Exercise
Pictures do not belong in the copy; restate the records below word for word.

Information provided
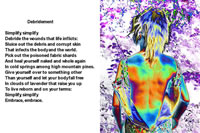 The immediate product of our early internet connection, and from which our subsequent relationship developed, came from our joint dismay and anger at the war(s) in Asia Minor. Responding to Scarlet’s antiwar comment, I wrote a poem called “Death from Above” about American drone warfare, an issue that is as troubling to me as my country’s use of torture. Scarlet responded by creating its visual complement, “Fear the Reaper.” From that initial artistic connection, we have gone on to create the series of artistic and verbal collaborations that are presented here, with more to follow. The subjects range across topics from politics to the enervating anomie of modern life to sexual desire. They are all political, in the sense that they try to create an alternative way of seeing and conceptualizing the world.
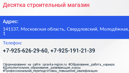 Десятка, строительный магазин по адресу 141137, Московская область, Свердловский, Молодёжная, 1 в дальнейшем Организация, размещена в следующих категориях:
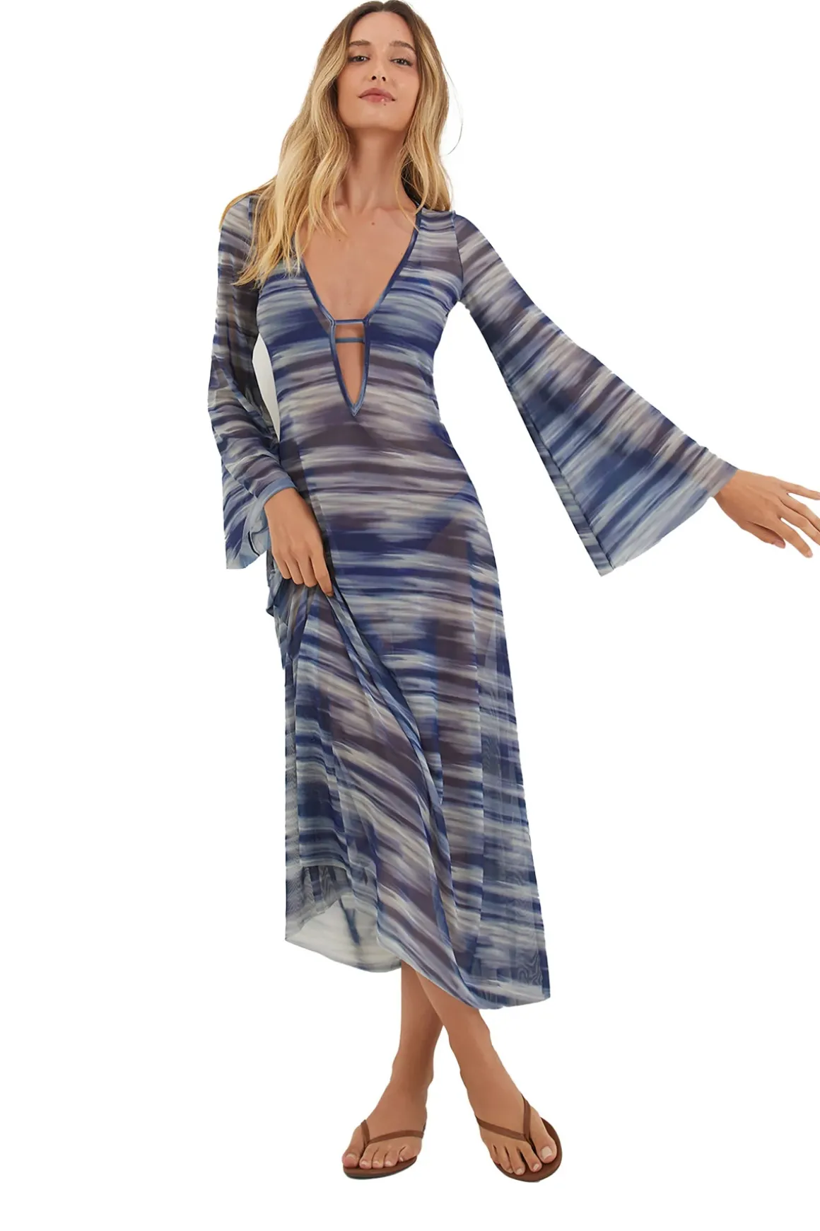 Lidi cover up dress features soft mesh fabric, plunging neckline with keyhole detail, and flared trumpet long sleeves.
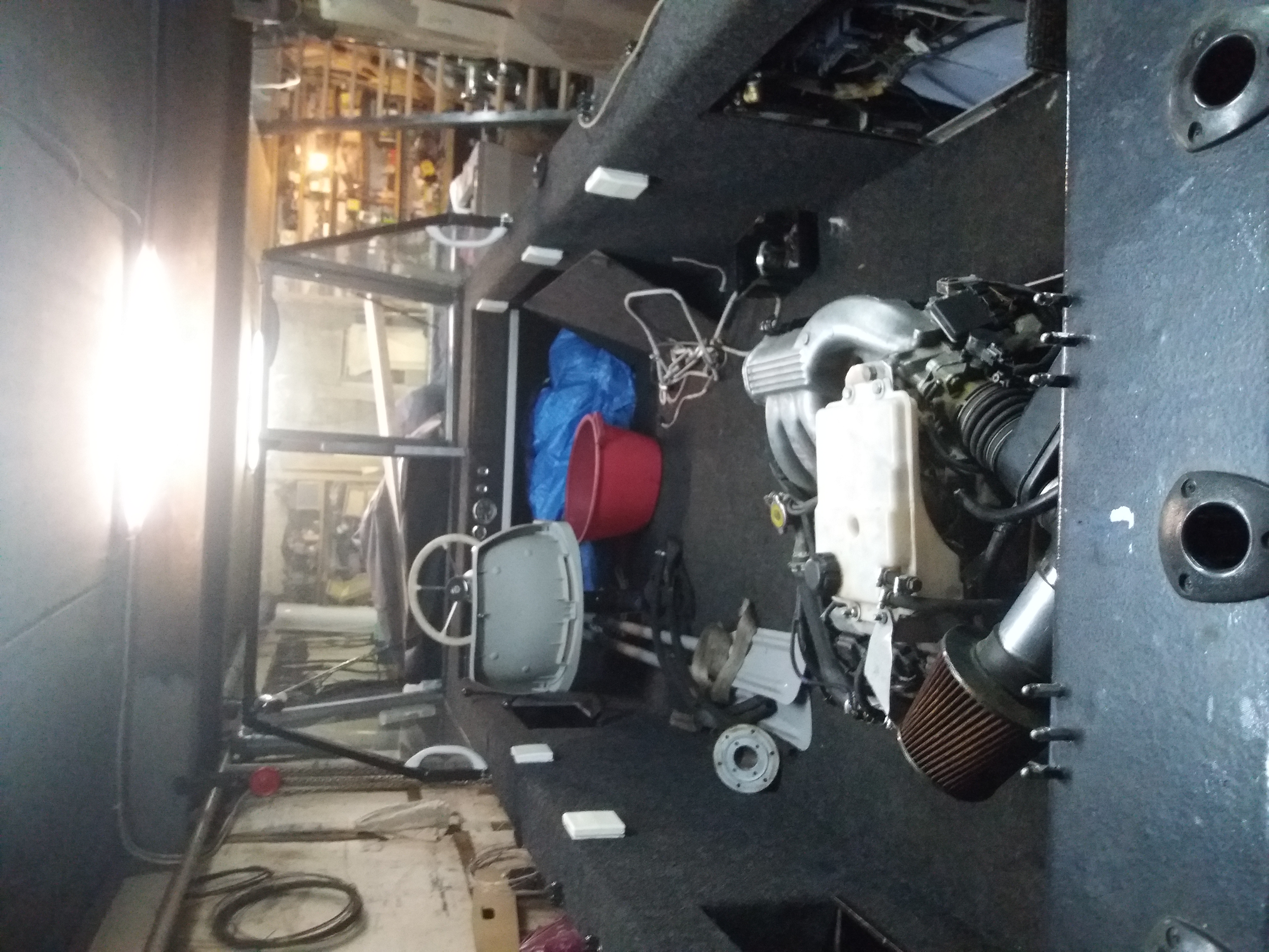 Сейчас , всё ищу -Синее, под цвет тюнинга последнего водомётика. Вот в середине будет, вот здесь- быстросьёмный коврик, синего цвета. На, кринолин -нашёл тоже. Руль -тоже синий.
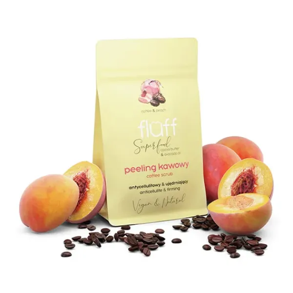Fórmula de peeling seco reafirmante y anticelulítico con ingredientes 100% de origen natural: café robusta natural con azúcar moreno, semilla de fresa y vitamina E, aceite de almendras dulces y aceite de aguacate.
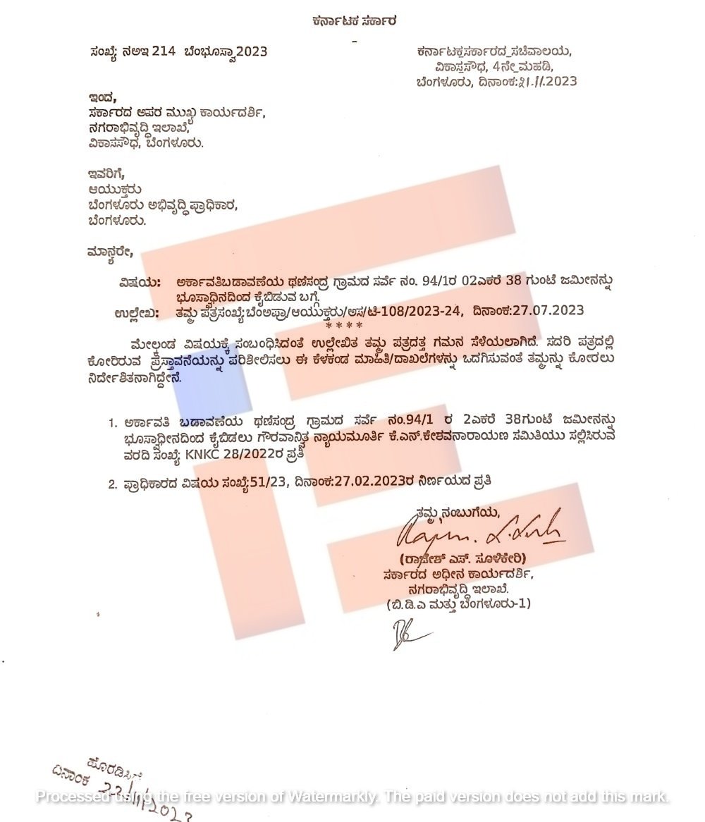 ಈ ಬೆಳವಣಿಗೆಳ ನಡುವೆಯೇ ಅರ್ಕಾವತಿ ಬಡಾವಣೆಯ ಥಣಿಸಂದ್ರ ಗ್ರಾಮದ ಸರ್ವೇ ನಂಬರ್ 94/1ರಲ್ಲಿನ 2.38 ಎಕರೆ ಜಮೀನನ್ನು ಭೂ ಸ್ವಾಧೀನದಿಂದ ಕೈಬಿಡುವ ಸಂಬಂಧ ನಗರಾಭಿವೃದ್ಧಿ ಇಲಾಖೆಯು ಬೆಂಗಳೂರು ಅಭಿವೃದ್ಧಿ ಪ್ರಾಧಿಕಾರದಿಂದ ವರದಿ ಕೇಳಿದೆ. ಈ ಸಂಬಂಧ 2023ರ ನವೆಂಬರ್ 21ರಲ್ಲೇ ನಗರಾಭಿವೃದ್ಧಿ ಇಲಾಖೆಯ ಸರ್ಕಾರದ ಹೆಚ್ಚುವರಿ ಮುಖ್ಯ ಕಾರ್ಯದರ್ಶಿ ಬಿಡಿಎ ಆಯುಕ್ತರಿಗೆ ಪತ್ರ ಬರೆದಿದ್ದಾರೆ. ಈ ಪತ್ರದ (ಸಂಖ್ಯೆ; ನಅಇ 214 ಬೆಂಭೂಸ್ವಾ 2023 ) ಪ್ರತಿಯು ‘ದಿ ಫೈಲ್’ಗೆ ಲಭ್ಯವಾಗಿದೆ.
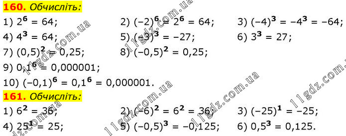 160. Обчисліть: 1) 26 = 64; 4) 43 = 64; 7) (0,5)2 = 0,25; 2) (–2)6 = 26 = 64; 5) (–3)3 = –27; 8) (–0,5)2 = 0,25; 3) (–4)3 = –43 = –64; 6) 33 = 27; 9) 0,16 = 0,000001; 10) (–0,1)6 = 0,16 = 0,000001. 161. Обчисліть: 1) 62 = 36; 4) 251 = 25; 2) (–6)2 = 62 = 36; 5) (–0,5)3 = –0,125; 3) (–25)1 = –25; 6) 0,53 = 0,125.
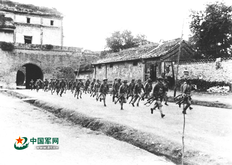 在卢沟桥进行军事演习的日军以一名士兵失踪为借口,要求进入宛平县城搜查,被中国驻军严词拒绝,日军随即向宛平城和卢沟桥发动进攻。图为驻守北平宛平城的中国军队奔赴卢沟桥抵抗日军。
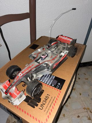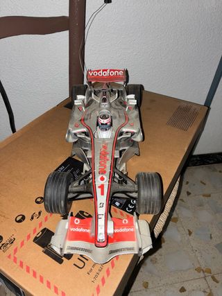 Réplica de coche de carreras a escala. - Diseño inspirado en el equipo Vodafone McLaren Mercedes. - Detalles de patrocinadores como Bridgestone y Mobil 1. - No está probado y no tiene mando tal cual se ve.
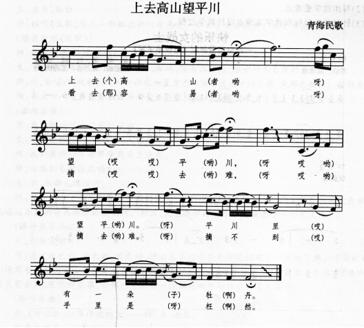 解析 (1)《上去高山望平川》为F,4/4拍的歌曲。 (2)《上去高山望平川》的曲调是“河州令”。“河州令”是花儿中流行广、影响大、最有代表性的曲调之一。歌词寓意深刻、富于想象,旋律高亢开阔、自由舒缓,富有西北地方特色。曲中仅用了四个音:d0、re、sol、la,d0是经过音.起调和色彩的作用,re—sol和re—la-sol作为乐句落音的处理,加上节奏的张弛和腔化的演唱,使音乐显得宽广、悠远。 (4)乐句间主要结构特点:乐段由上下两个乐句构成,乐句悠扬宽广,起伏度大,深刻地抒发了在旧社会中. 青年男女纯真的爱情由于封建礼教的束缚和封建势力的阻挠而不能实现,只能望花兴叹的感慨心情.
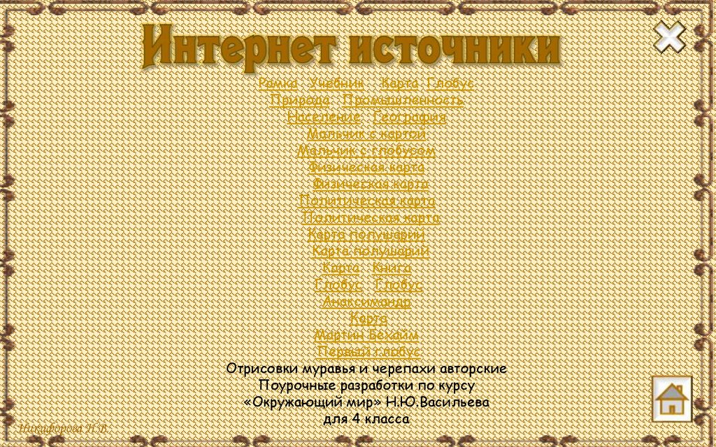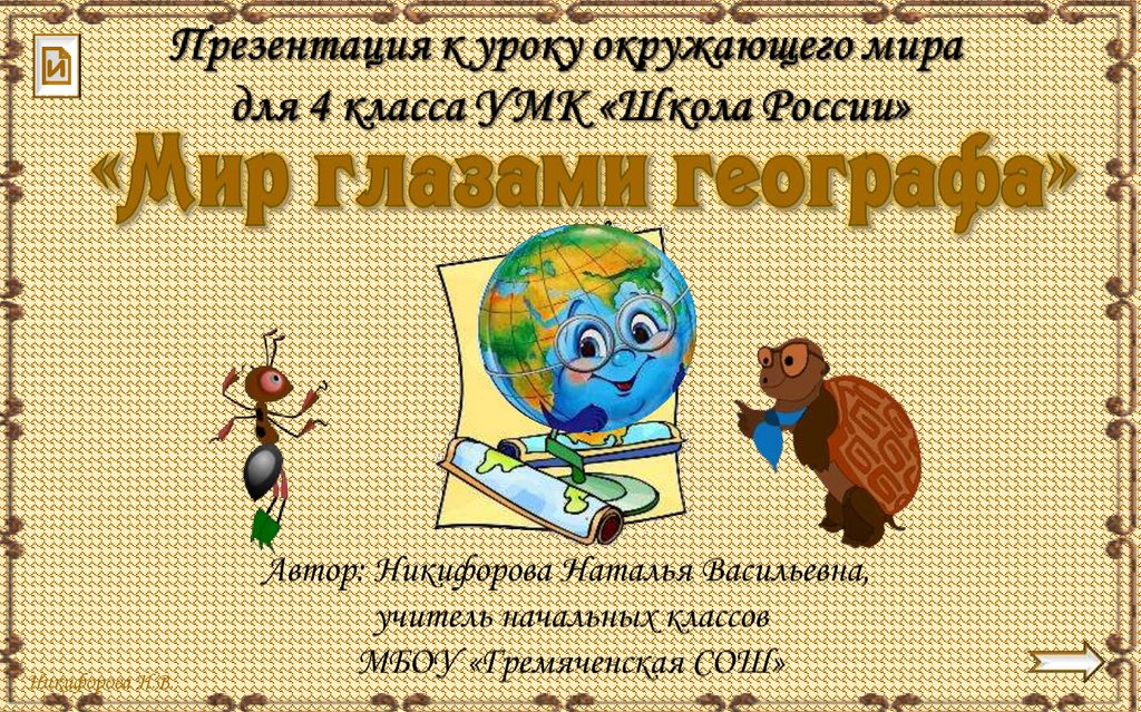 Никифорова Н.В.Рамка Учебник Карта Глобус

Answer space
 The immediate product of our early internet connection, and from which our subsequent relationship developed, came from our joint dismay and anger at the war(s) in Asia Minor. Responding to Scarlet’s antiwar comment, I wrote a poem called “Death from Above” about American drone warfare, an issue that is as troubling to me as my country’s use of torture. Scarlet responded by creating its visual complement, “Fear the Reaper.” From that initial artistic connection, we have gone on to create the series of artistic and verbal collaborations that are presented here, with more to follow. The subjects range across topics from politics to the enervating anomie of modern life to sexual desire. They are all political, in the sense that they try to create an alternative way of seeing and conceptualizing the world.
 Десятка, строительный магазин по адресу 141137, Московская область, Свердловский, Молодёжная, 1 в дальнейшем Организация, размещена в следующих категориях:
 Lidi cover up dress features soft mesh fabric, plunging neckline with keyhole detail, and flared trumpet long sleeves.
 Сейчас , всё ищу -Синее, под цвет тюнинга последнего водомётика. Вот в середине будет, вот здесь- быстросьёмный коврик, синего цвета. На, кринолин -нашёл тоже. Руль -тоже синий.
Fórmula de peeling seco reafirmante y anticelulítico con ingredientes 100% de origen natural: café robusta natural con azúcar moreno, semilla de fresa y vitamina E, aceite de almendras dulces y aceite de aguacate.
 ಈ ಬೆಳವಣಿಗೆಳ ನಡುವೆಯೇ ಅರ್ಕಾವತಿ ಬಡಾವಣೆಯ ಥಣಿಸಂದ್ರ ಗ್ರಾಮದ ಸರ್ವೇ ನಂಬರ್ 94/1ರಲ್ಲಿನ 2.38 ಎಕರೆ ಜಮೀನನ್ನು ಭೂ ಸ್ವಾಧೀನದಿಂದ ಕೈಬಿಡುವ ಸಂಬಂಧ ನಗರಾಭಿವೃದ್ಧಿ ಇಲಾಖೆಯು ಬೆಂಗಳೂರು ಅಭಿವೃದ್ಧಿ ಪ್ರಾಧಿಕಾರದಿಂದ ವರದಿ ಕೇಳಿದೆ. ಈ ಸಂಬಂಧ 2023ರ ನವೆಂಬರ್ 21ರಲ್ಲೇ ನಗರಾಭಿವೃದ್ಧಿ ಇಲಾಖೆಯ ಸರ್ಕಾರದ ಹೆಚ್ಚುವರಿ ಮುಖ್ಯ ಕಾರ್ಯದರ್ಶಿ ಬಿಡಿಎ ಆಯುಕ್ತರಿಗೆ ಪತ್ರ ಬರೆದಿದ್ದಾರೆ. ಈ ಪತ್ರದ (ಸಂಖ್ಯೆ; ನಅಇ 214 ಬೆಂಭೂಸ್ವಾ 2023 ) ಪ್ರತಿಯು ‘ದಿ ಫೈಲ್’ಗೆ ಲಭ್ಯವಾಗಿದೆ.
 160. Обчисліть: 1) 26 = 64; 4) 43 = 64; 7) (0,5)2 = 0,25; 2) (–2)6 = 26 = 64; 5) (–3)3 = –27; 8) (–0,5)2 = 0,25; 3) (–4)3 = –43 = –64; 6) 33 = 27; 9) 0,16 = 0,000001; 10) (–0,1)6 = 0,16 = 0,000001. 161. Обчисліть: 1) 62 = 36; 4) 251 = 25; 2) (–6)2 = 62 = 36; 5) (–0,5)3 = –0,125; 3) (–25)1 = –25; 6) 0,53 = 0,125.
 在卢沟桥进行军事演习的日军以一名士兵失踪为借口,要求进入宛平县城搜查,被中国驻军严词拒绝,日军随即向宛平城和卢沟桥发动进攻。图为驻守北平宛平城的中国军队奔赴卢沟桥抵抗日军。
 Réplica de coche de carreras a escala. - Diseño inspirado en el equipo Vodafone McLaren Mercedes. - Detalles de patrocinadores como Bridgestone y Mobil 1. - No está probado y no tiene mando tal cual se ve.
 解析 (1)《上去高山望平川》为F,4/4拍的歌曲。 (2)《上去高山望平川》的曲调是“河州令”。“河州令”是花儿中流行广、影响大、最有代表性的曲调之一。歌词寓意深刻、富于想象,旋律高亢开阔、自由舒缓,富有西北地方特色。曲中仅用了四个音:d0、re、sol、la,d0是经过音.起调和色彩的作用,re—sol和re—la-sol作为乐句落音的处理,加上节奏的张弛和腔化的演唱,使音乐显得宽广、悠远。 (4)乐句间主要结构特点:乐段由上下两个乐句构成,乐句悠扬宽广,起伏度大,深刻地抒发了在旧社会中. 青年男女纯真的爱情由于封建礼教的束缚和封建势力的阻挠而不能实现,只能望花兴叹的感慨心情.
 Никифорова Н.В.Рамка Учебник Карта Глобус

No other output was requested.